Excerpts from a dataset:
══════════
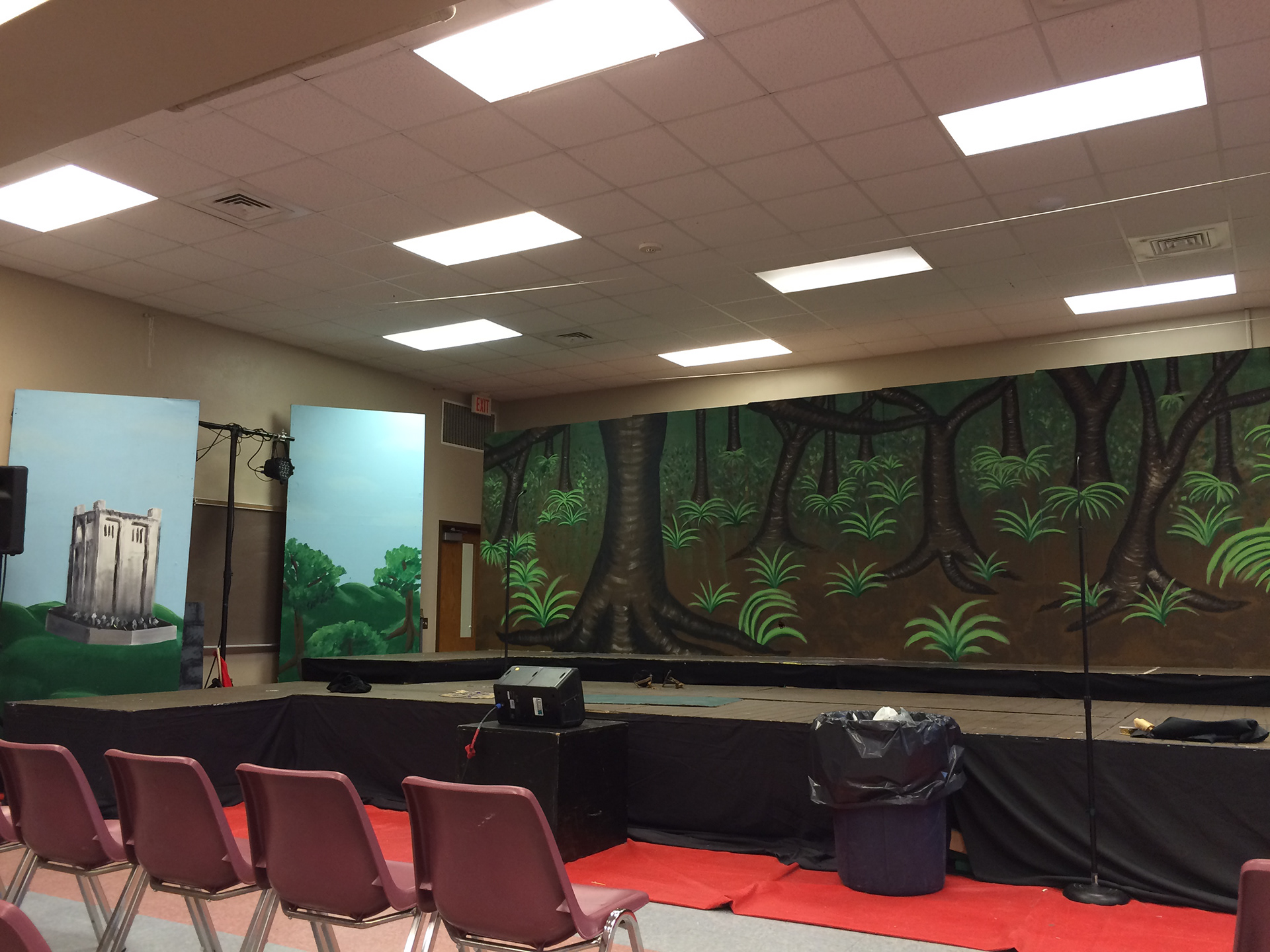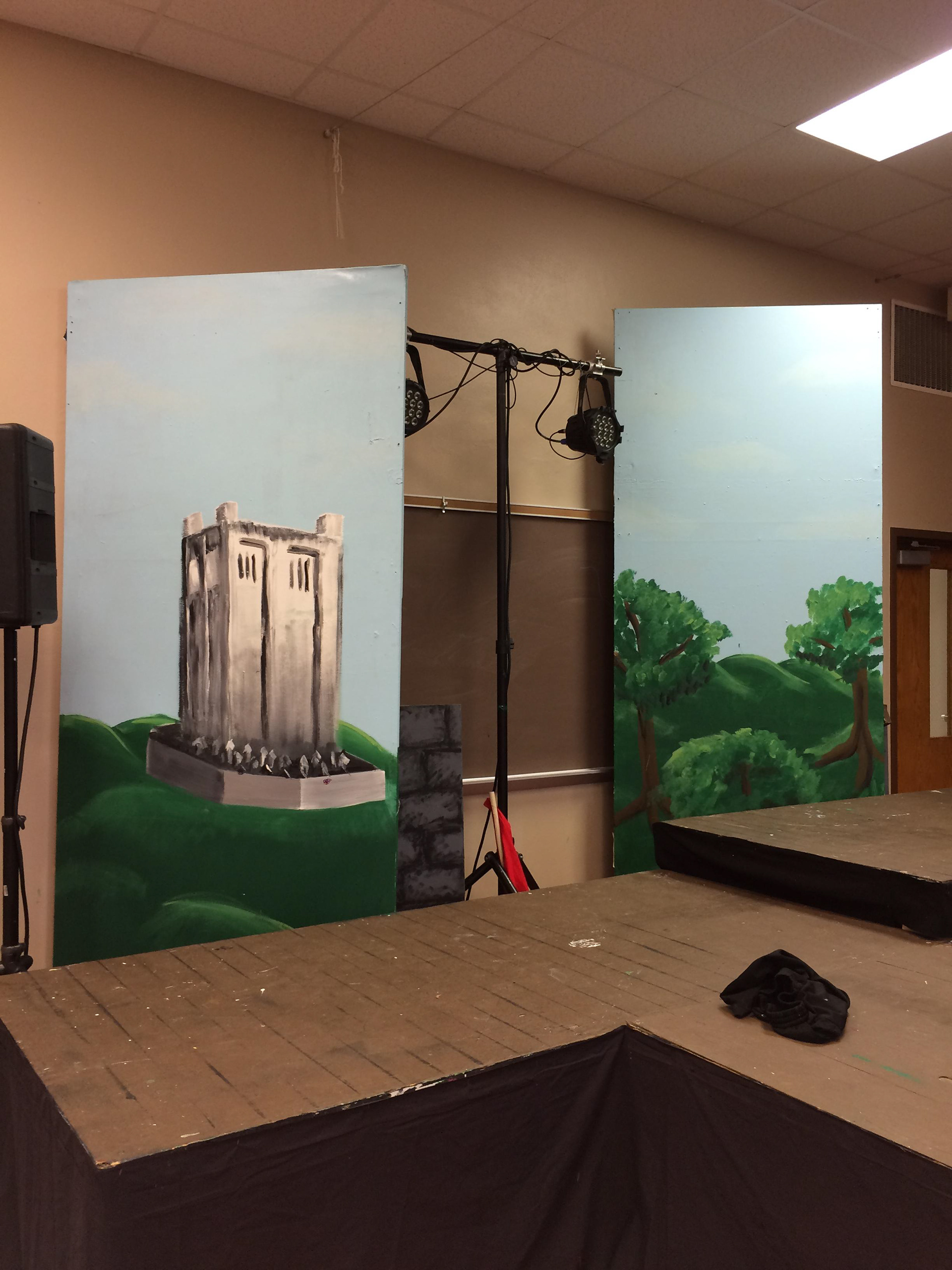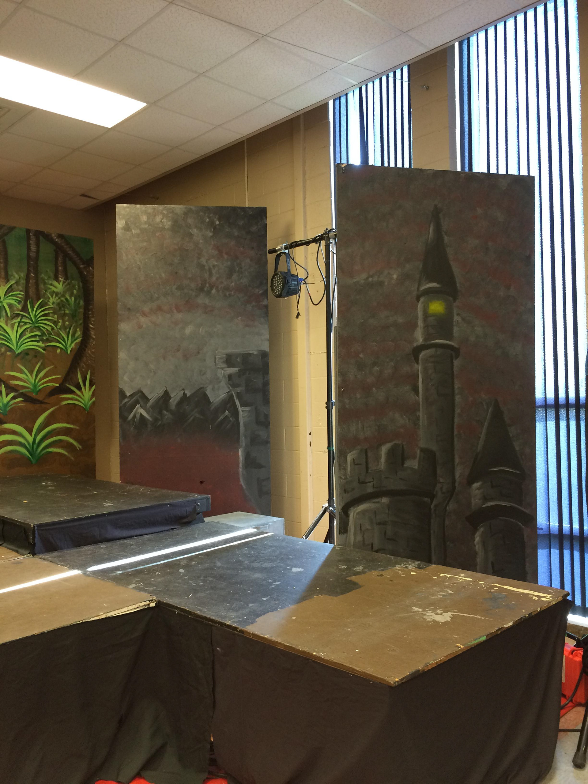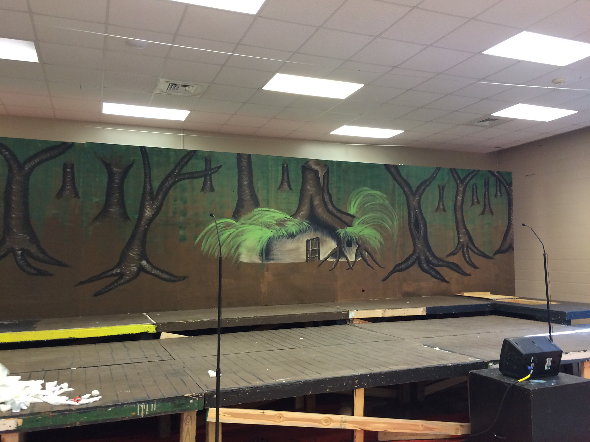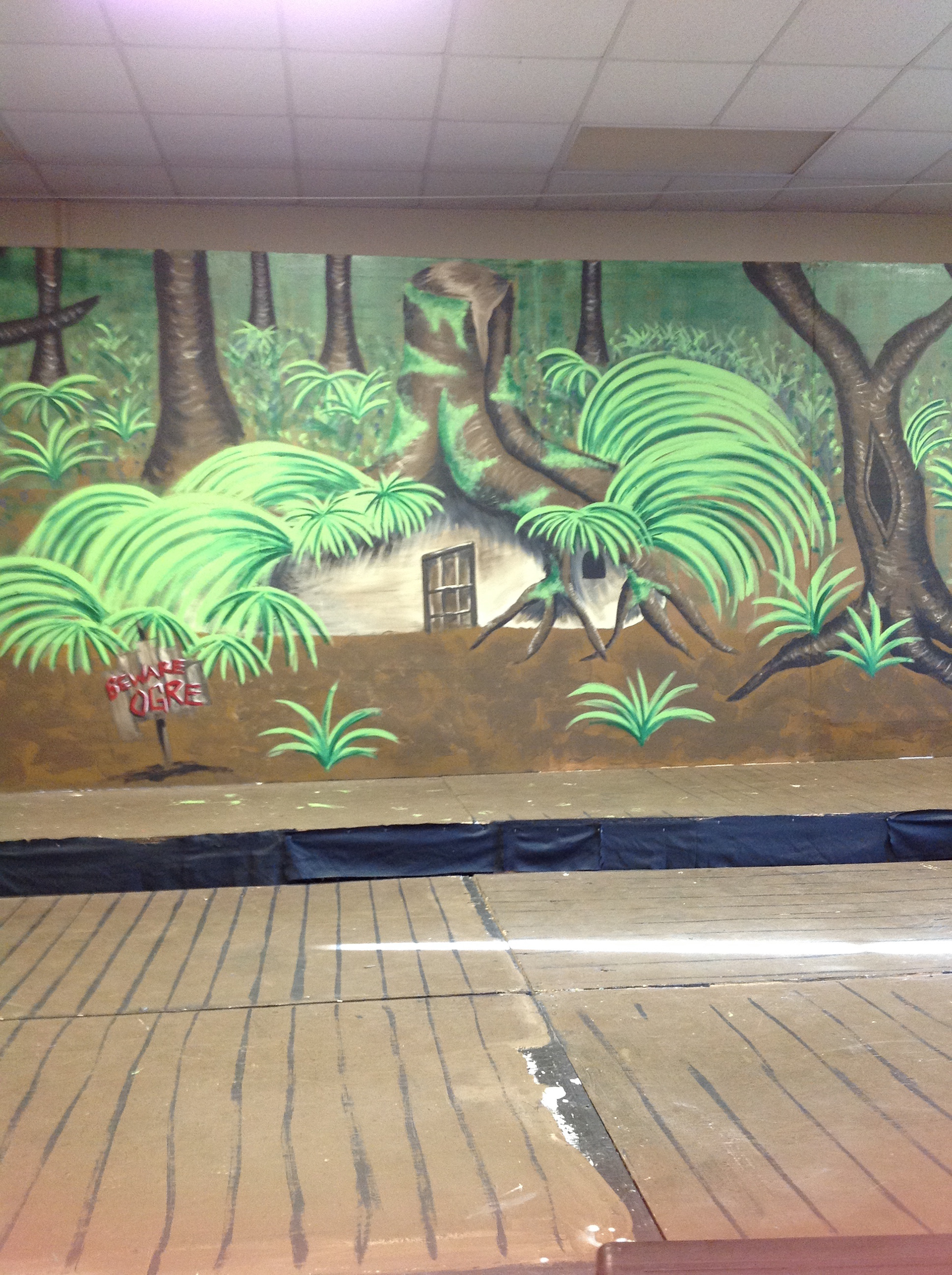 This Shrek mural was created for The Actor's Attic community theater in Waterloo, IL as part of their Musical-In-A-Week summer camp programs! I was given four days to design, create, and paint the backdrop for the musical, only to repaint it in the next week for the next production! I was the sole set designer and painter for the Actor's Attic for two summers in a row, and it was an amazing experience to grow and learn from!
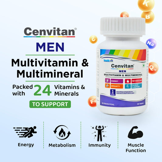Cenvitan Multivitamin for Men | Men Daily Nutrition, Immunity Booster | Hair, Skin and Nails | Bone Health | Energy Boost | Metabolism Booster - 60 Tablets (24 Nutrients)
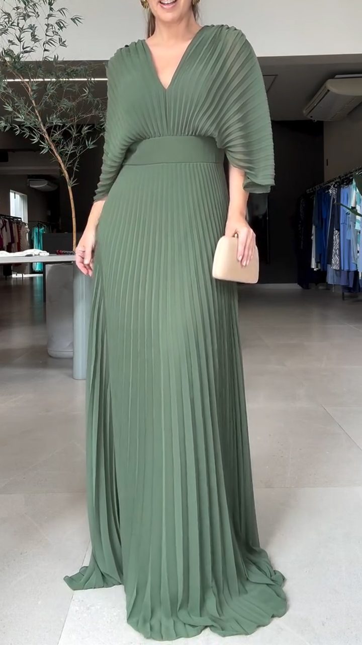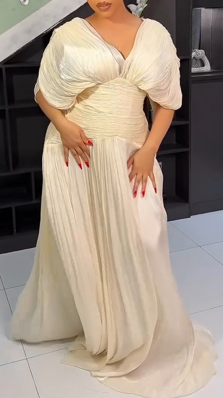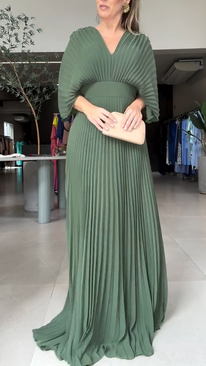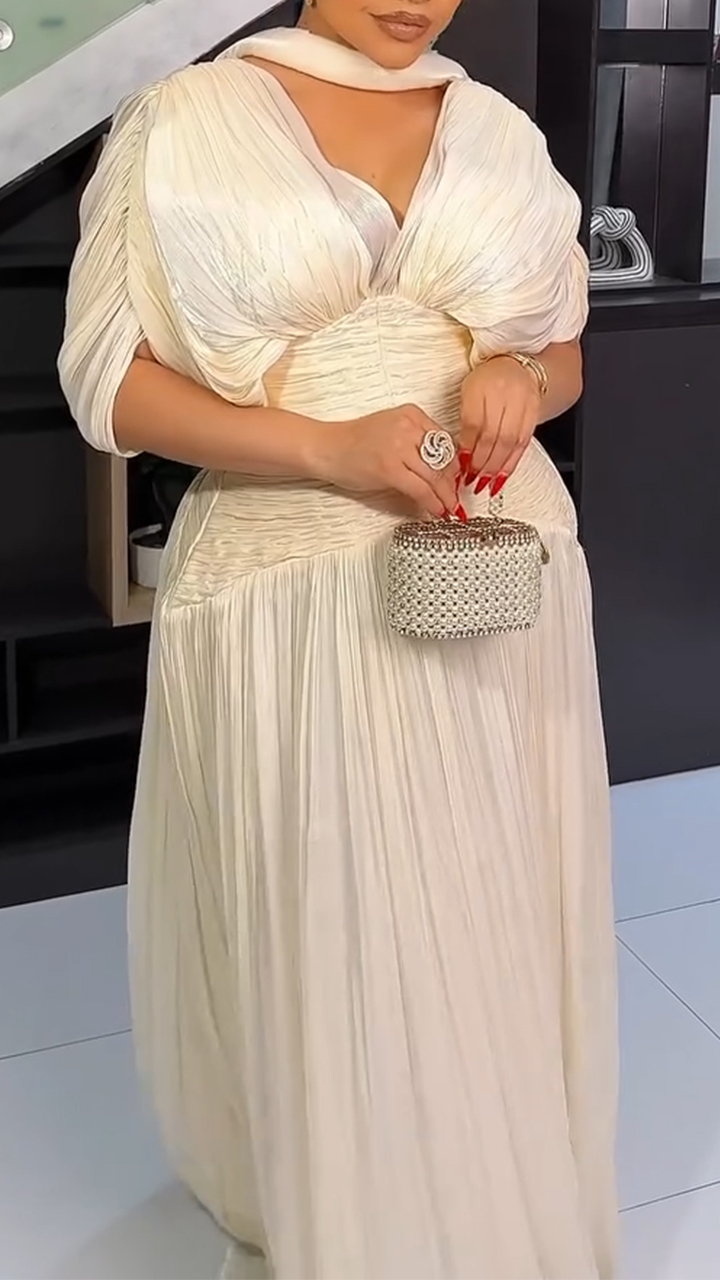 Women V-neck Patchwork Pleated Solid Color Elegant Temperament Dress
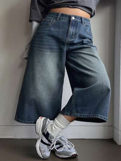 Plus Size Washed-Out Loose Baggy Wide Leg Cropped Denim Jeans, All Season Jorts-40%
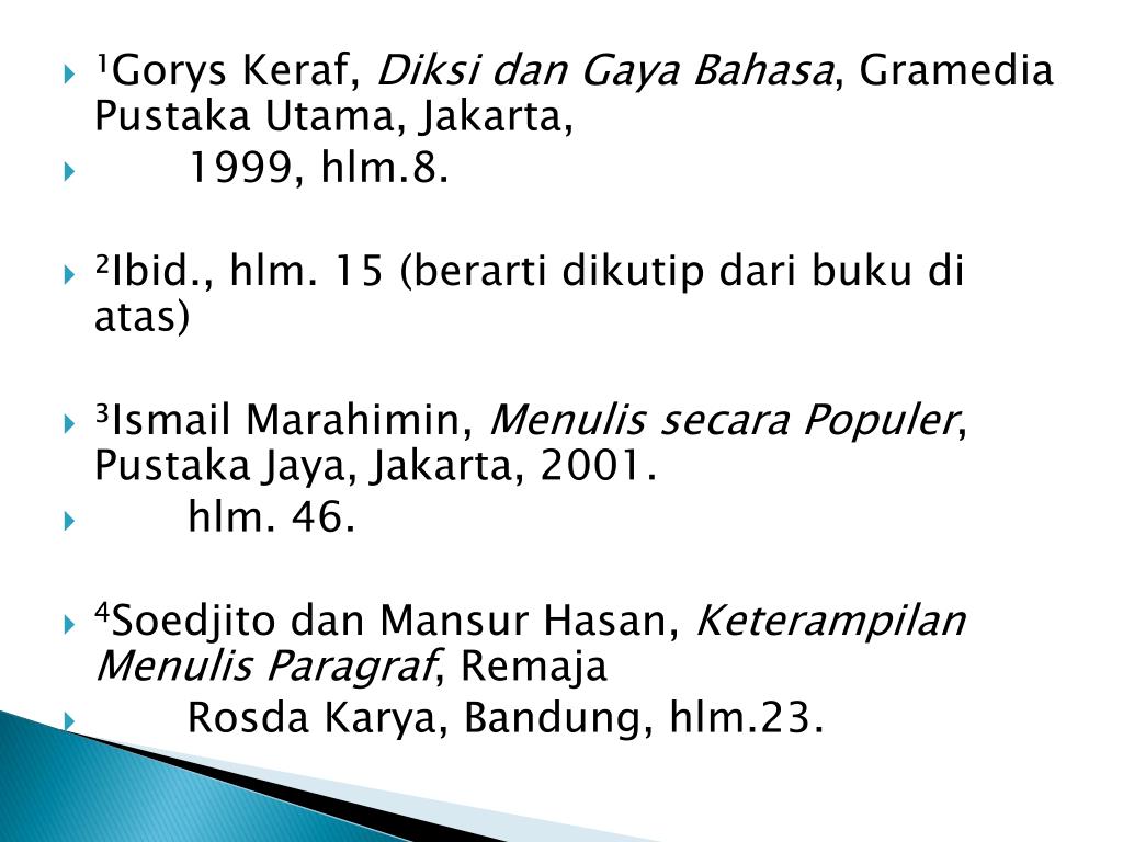 ¹Gorys Keraf, Diksidan Gaya Bahasa, GramediaPustakaUtama, Jakarta, • 1999, hlm.8. • ²Ibid., hlm. 15 (berartidikutipdaribukudiatas) • ³Ismail Marahimin, MenulissecaraPopuler, Pustaka Jaya, Jakarta, 2001. • hlm. 46. • 4Soedjito dan Mansur Hasan, KeterampilanMenulisParagraf, Remaja • RosdaKarya, Bandung, hlm.23.
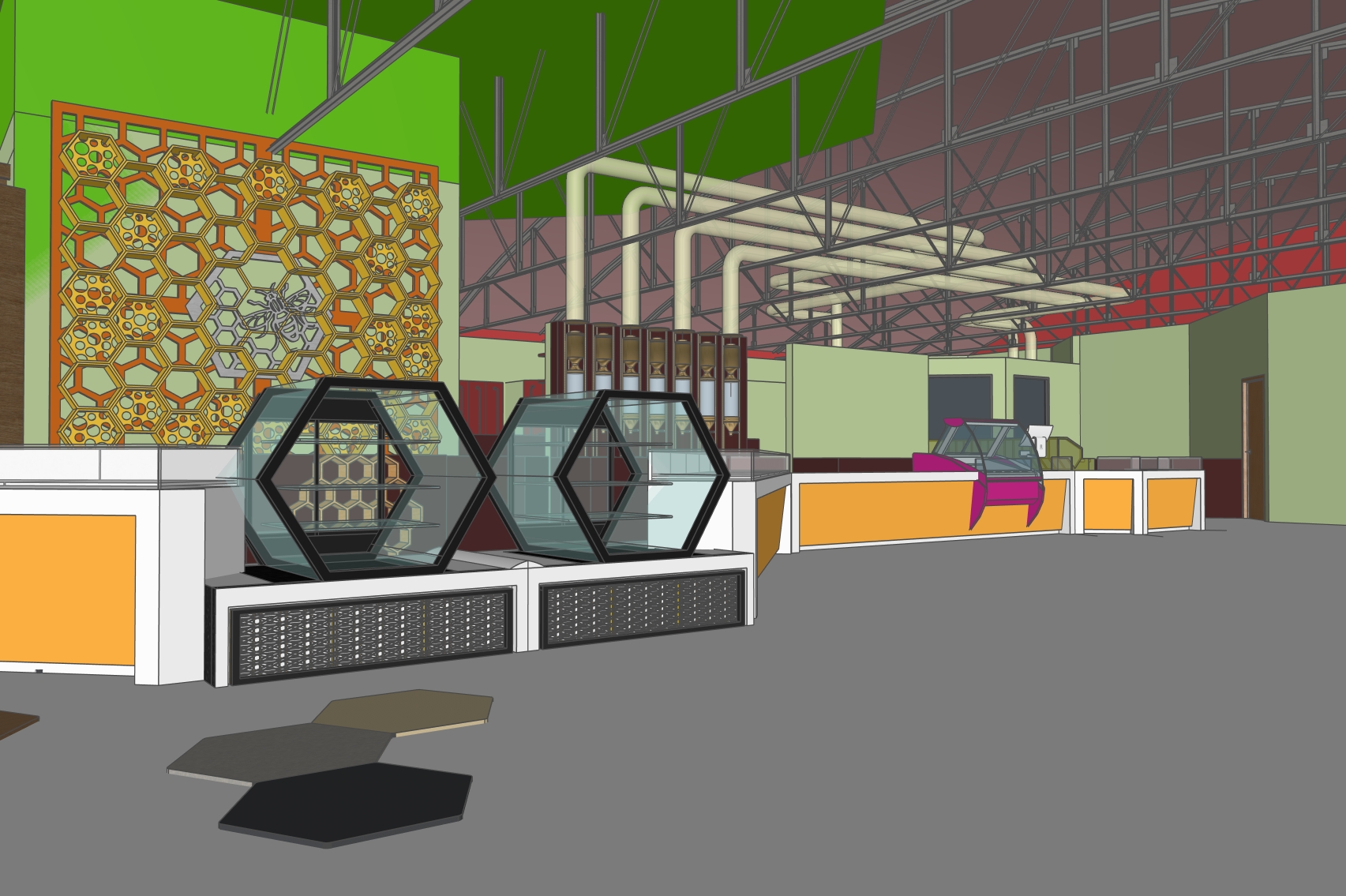 transform image to a high end spice shop with warm golden hour atmosphere soft glowing lighting and relaxed upscale energy same spatial configuration put coffee bean tubes where white is in the input image
══════════
Give back exactly the lines from the line with "¹Gorys Keraf, Diksidan" through the final line of the entries above, and keep pictures out of the copy.

 ¹Gorys Keraf, Diksidan Gaya Bahasa, GramediaPustakaUtama, Jakarta, • 1999, hlm.8. • ²Ibid., hlm. 15 (berartidikutipdaribukudiatas) • ³Ismail Marahimin, MenulissecaraPopuler, Pustaka Jaya, Jakarta, 2001. • hlm. 46. • 4Soedjito dan Mansur Hasan, KeterampilanMenulisParagraf, Remaja • RosdaKarya, Bandung, hlm.23.
 transform image to a high end spice shop with warm golden hour atmosphere soft glowing lighting and relaxed upscale energy same spatial configuration put coffee bean tubes where white is in the input image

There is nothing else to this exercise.